*Goal of the exercise*
Without the pictures, output the lines of the material from the very first through the one that holds "با افزایش ضخامت".

*Data supplied*

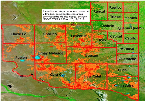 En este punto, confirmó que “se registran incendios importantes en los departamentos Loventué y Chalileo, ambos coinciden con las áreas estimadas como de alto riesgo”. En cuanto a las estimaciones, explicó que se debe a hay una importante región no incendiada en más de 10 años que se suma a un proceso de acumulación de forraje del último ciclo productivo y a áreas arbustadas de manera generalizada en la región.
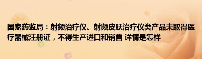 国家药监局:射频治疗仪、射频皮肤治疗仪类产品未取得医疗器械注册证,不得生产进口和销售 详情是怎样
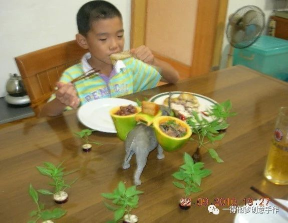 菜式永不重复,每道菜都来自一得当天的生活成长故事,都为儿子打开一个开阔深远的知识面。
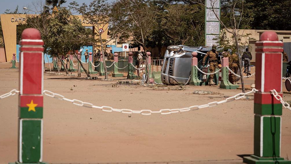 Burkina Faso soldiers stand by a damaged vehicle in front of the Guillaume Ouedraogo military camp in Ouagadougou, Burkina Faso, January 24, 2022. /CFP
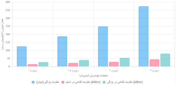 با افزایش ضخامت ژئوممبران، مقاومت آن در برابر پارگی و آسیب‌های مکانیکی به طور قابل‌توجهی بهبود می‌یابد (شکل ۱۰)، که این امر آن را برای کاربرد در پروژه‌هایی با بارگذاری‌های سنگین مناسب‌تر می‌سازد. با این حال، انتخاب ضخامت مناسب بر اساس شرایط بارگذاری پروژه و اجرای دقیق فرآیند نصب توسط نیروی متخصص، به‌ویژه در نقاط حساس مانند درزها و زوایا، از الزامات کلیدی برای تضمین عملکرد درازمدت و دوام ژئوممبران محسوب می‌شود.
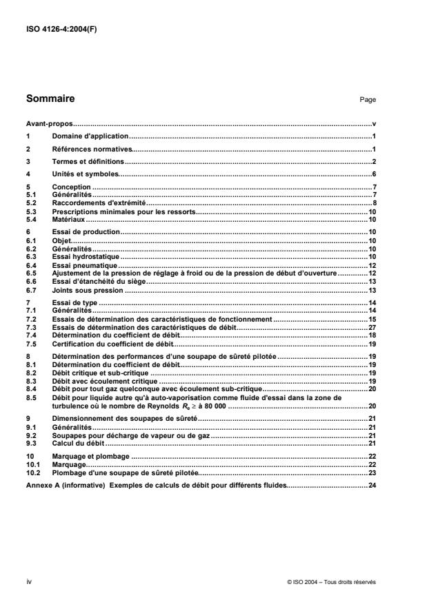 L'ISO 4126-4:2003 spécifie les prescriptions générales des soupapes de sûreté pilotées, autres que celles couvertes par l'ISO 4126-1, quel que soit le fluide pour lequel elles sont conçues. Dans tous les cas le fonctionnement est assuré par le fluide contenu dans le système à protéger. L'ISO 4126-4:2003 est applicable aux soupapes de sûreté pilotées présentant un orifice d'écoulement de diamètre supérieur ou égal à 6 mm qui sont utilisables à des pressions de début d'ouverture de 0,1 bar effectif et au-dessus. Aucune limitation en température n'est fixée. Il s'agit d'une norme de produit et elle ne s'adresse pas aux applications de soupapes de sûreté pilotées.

*Expected output*
 En este punto, confirmó que “se registran incendios importantes en los departamentos Loventué y Chalileo, ambos coinciden con las áreas estimadas como de alto riesgo”. En cuanto a las estimaciones, explicó que se debe a hay una importante región no incendiada en más de 10 años que se suma a un proceso de acumulación de forraje del último ciclo productivo y a áreas arbustadas de manera generalizada en la región.
 国家药监局:射频治疗仪、射频皮肤治疗仪类产品未取得医疗器械注册证,不得生产进口和销售 详情是怎样
 菜式永不重复,每道菜都来自一得当天的生活成长故事,都为儿子打开一个开阔深远的知识面。
 Burkina Faso soldiers stand by a damaged vehicle in front of the Guillaume Ouedraogo military camp in Ouagadougou, Burkina Faso, January 24, 2022. /CFP
 با افزایش ضخامت ژئوممبران، مقاومت آن در برابر پارگی و آسیب‌های مکانیکی به طور قابل‌توجهی بهبود می‌یابد (شکل ۱۰)، که این امر آن را برای کاربرد در پروژه‌هایی با بارگذاری‌های سنگین مناسب‌تر می‌سازد. با این حال، انتخاب ضخامت مناسب بر اساس شرایط بارگذاری پروژه و اجرای دقیق فرآیند نصب توسط نیروی متخصص، به‌ویژه در نقاط حساس مانند درزها و زوایا، از الزامات کلیدی برای تضمین عملکرد درازمدت و دوام ژئوممبران محسوب می‌شود.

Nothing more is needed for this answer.